Profile: Emerging markets pioneer Mark Mobius, founding partner of Mobius Capital Partners
- December 1, 2022: Vol. 9, Number 11

Profile: Emerging markets pioneer Mark Mobius, founding partner of Mobius Capital Partners

by Mike Consol

“All the world’s a stage, and all the men and women merely players,” Mark Mobius might have imagined himself intoning many years ago while pursuing an education in acting and stage direction at U.S. universities. Alas, it wasn’t Shakespeare who turned the world into Mobius’ stage, but Sir John Templeton (of Franklin Templeton fame) when he recognized the man’s aptitude for picking stocks. It was 1987 when he asked Mobius to run the newly formed emerging markets division at Templeton, Galbraith & Hansberger.
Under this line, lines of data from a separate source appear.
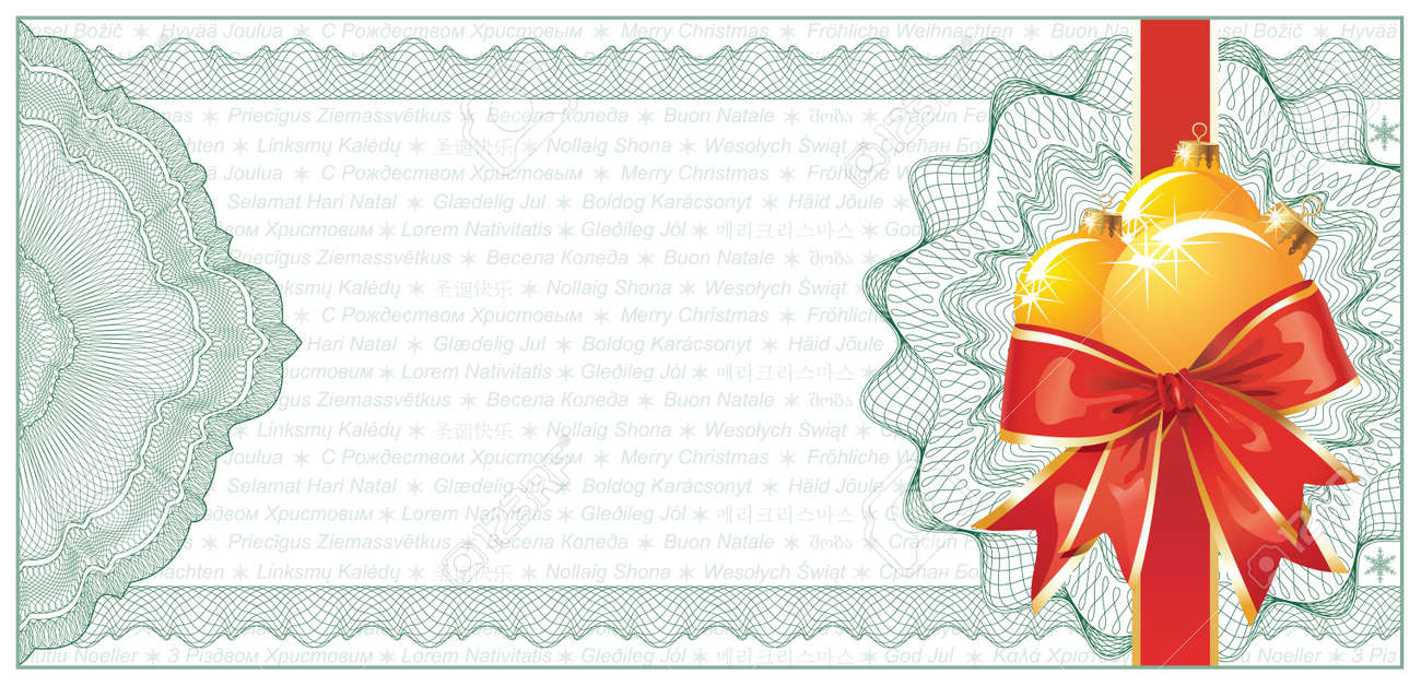 Plantilla De Certificado De Regalo De Navidad Oro O Cupón De Descuento Con Texto Ilustraciones svg, vectoriales, clip art vectorizado libre de derechos. Image 10965998
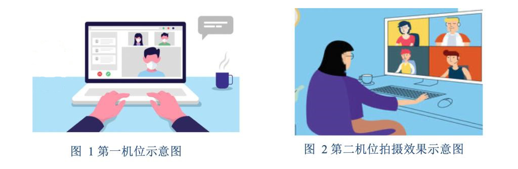 考生双手摆放桌面,第一机位正向面对考生,复试过程中全程开启,视频中考生界面底端始终不得高于胸部,双手须全程在视频录像范围。第二机位从考生侧后方45°距离本人1m处拍摄,可以拍摄到考生侧面及第一机位屏幕,需保证考官能够从第二机位清晰看到第一机位屏幕。
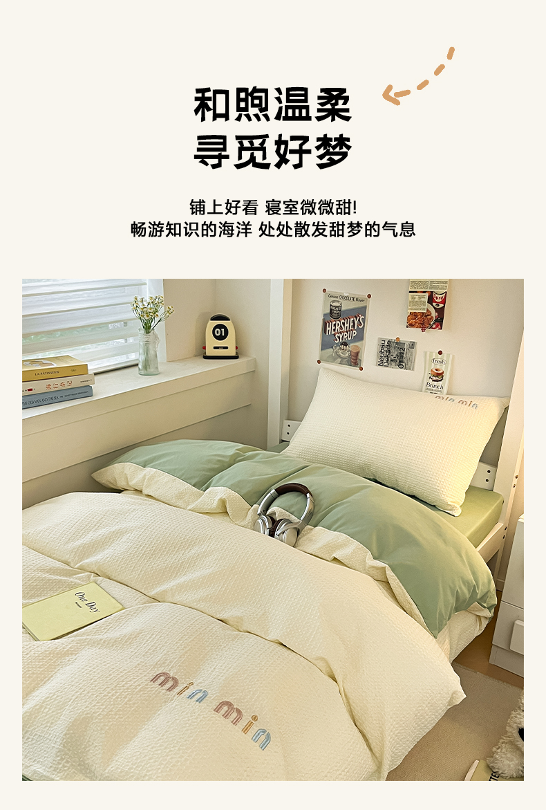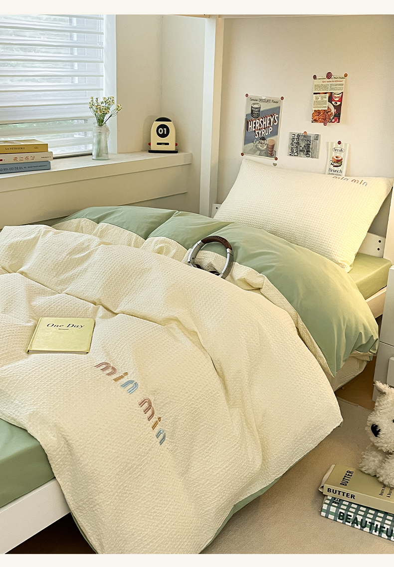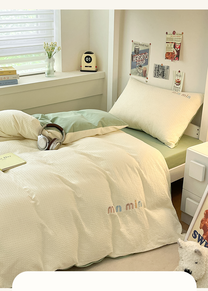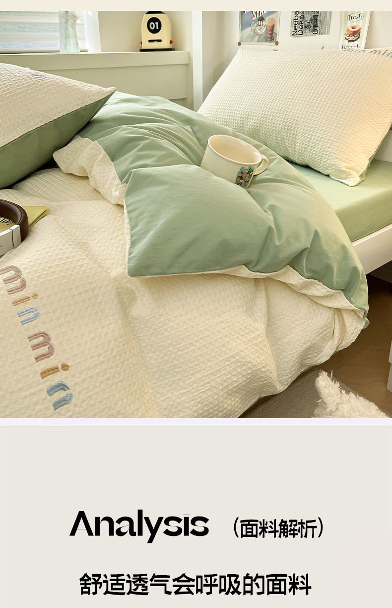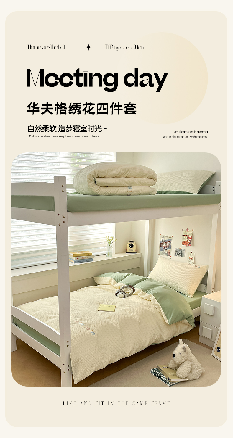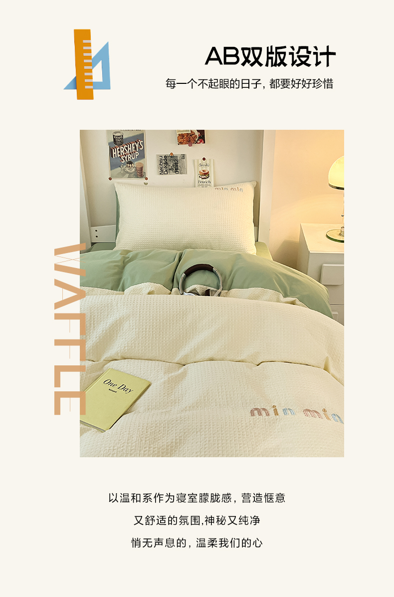 当前位置: 91家纺网 > 商品网购 > 床品套件 > 四件套 > 全棉普通四件套 > 雅居纺家纺 2024新款开学季全棉A类华夫格绣花四件套-Min Min-米黄+水绿
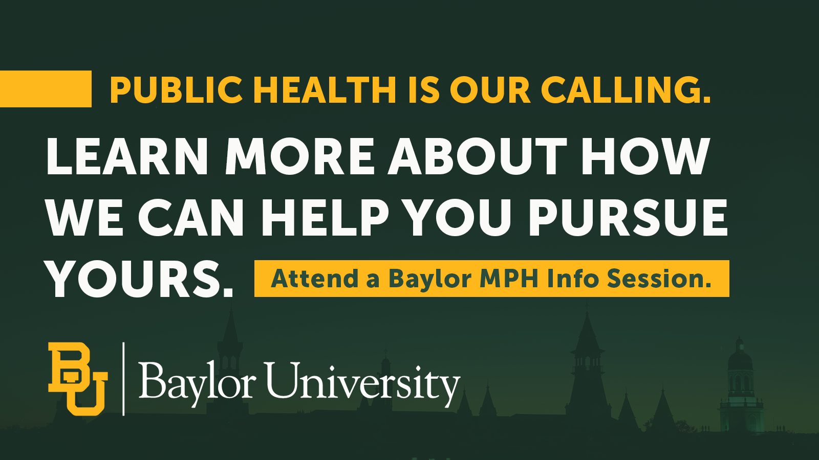 Join our virtual info session for prospective students to explore Baylor’s graduate public health programs. Learn about program options, admissions updates, and next steps—plus get your questions answered by our team.
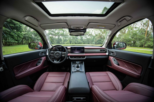 与硬朗外观相呼应,2023款越野炮内饰采用大面积软质包覆、搭配威尼托红颜色,高级感十足。12.3 英寸智联触控屏+7 英寸彩色液晶仪表双悬浮设计、镭雕工艺发光装饰板,科技感爆棚。同样设计师还非常贴心地设计了50瓦无线快充、加热通风真皮座椅、真皮方向盘、自动大灯、电动天窗、蓝牙钥匙等越级装备,即使越野行驶,也能实现媲美豪华乘用车的驾乘享受。
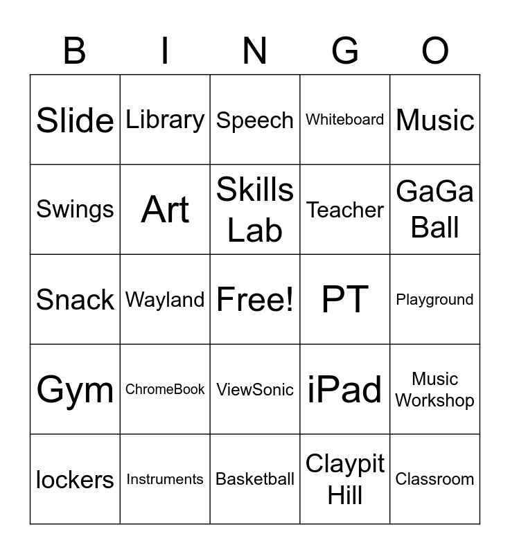 This bingo card has a free space and 32 words: Claypit Hill, Loker, Wayland, Cafeteria, Gym, Art, Music, Music Workshop, Library, Technology, Skills Lab, Speech, ILC, OT, PT, Principal, lockers, Snack, ViewSonic, ChromeBook, iPad, Recess, Playground, Instruments, Classroom, Whiteboard, Teacher, Swings, Slide, Basketball, 4 Square and GaGa Ball.
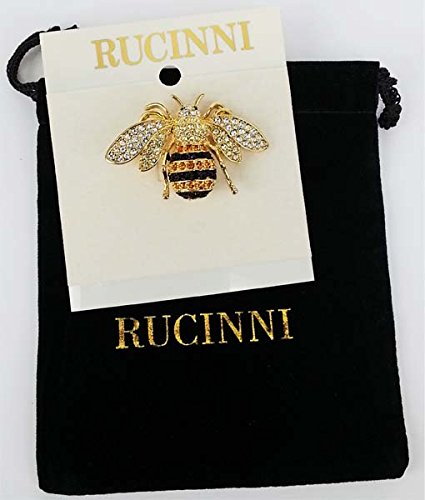 -. Feature : RUCINNI Brand Brooch / SWAROVSKI Crystals (clear, jonquil, topaz, jet) / 20K gold-plated, pin fastener on the back / Size: 1.8" x 1.3" approx. / A Black velvet pouch included
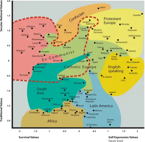L'enquête mondiale sur les valeurs (World Values Survey) (WVS) est un projet international d'enquêtes sur l'évolution des valeurs et des croyances autour du monde. Le projet est lancé en 1981 par Ronald Inglehart qui, avec Christian Welzel, a mobilisé un réseau international de chercheurs en sciences sociales. À la fin du XXe siècle, c'est l'une des plus vastes enquêtes par sondage jamais réalisées[1]. Sa branche européenne est l'enquête European Values Study (EVS).
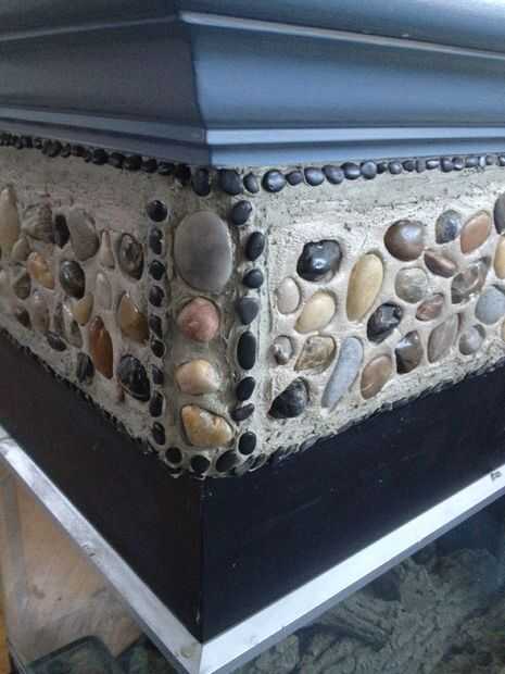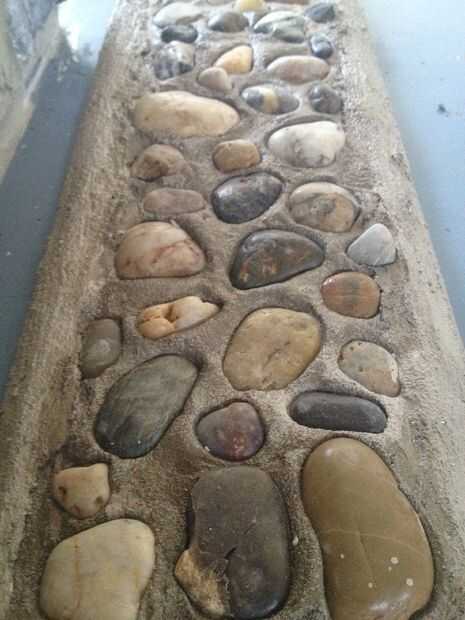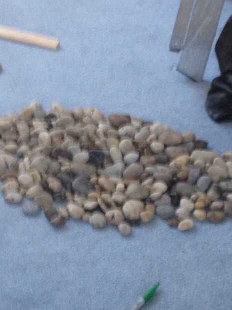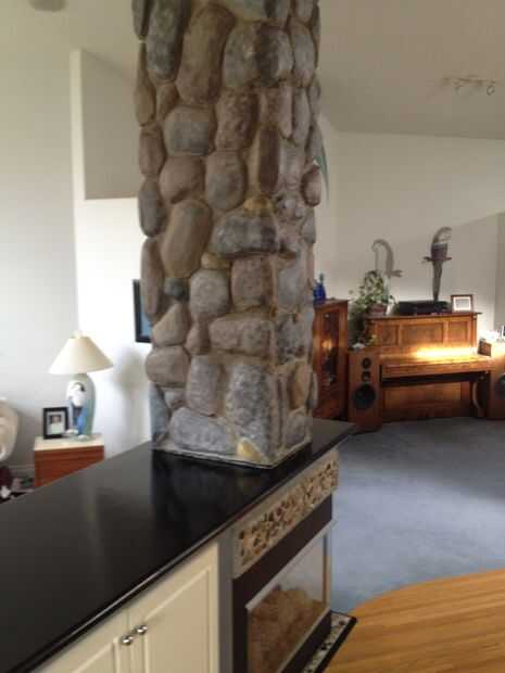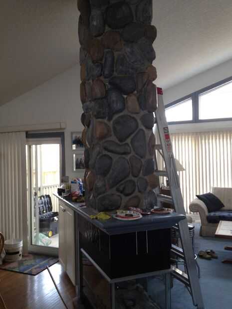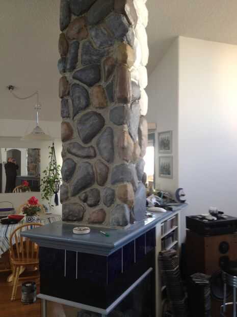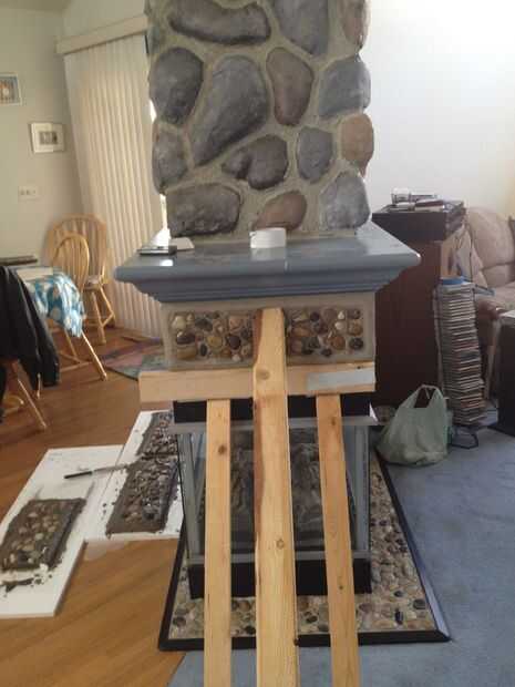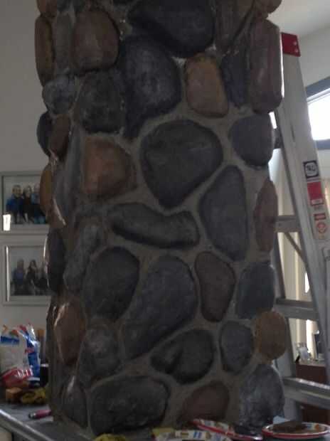 Tomé eso poliestireno blanco, usted puede comprar en prácticos paquetes a Home Depot 2 'x 4', con un cuchillo afilado los corté en trozos ovalados y redondos, y en el lado hacia fuera lo golpeó los bordes para hacerlos más redondos. Pegado a la pared con barro de paneles de yeso, cubierto el entero fuera de pedazos de la roca con fango yeso y pintado para que parezca rock sobre todo marrones y grises junto con blanco, luego usé cemento real como lechada
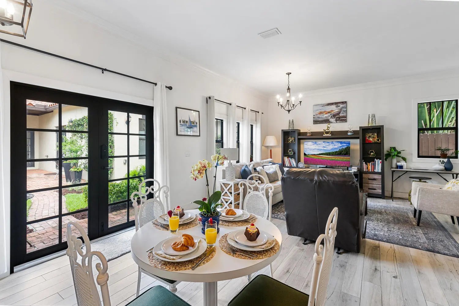Casa Poinsettia, a design led Spanish Revival retreat in Historic Old Northwood. Custom built in 2017 and awarded the Preservation Infill Award for Best New Build/Renovation, this CBS home blends timeless architecture with modern livability. The main house offers three bedrooms and two baths with authentic archways, tall ceilings, and curated interiors. A chef's kitchen with gas appliances, a custom hood, and wine storage opens to the great room for easy entertaining. The private primary suite features a spa inspired bath with designer finishes. A separate one bedroom guesthouse includes a full kitchen and living area. A lush patio, mature landscaping, long driveway, and alley access complete this award winning property near LaMarina, Northwood Village, PBI, and beautiful Palm Beach.
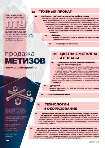 53 ТРУБНЫЙ ПРОКАТ Новости, достижения и события ведущих металлургических предприятий России 82

“I didn’t really know what I was getting into,” concedes Mobius. “Remember, in those days most countries did not welcome foreign investment.”

Indeed, “emerging markets” was a new term, coined by the International Finance Corp., and a mere six places (Mexico, Hong Kong, the Philippines, Malaysia, Singapore and Thailand) were available for investment. The rest of the world either didn’t have public companies or public markets or did not have custodial services that allowed investors and managers to move cash in and out of their countries.

Mobius opened a small office in Hong Kong and hired two Chinese analysts who stayed with him for more than 30 years at Franklin Templeton, before he became founding partner of Mobius Capital Partners. During his 40 years on the beat, investable foreign markets have surged to about 70 countries (as they achieved market liquidity, transparency and custodial services), and Mobius has overseen investment funds totaling more than $50 billion in assets.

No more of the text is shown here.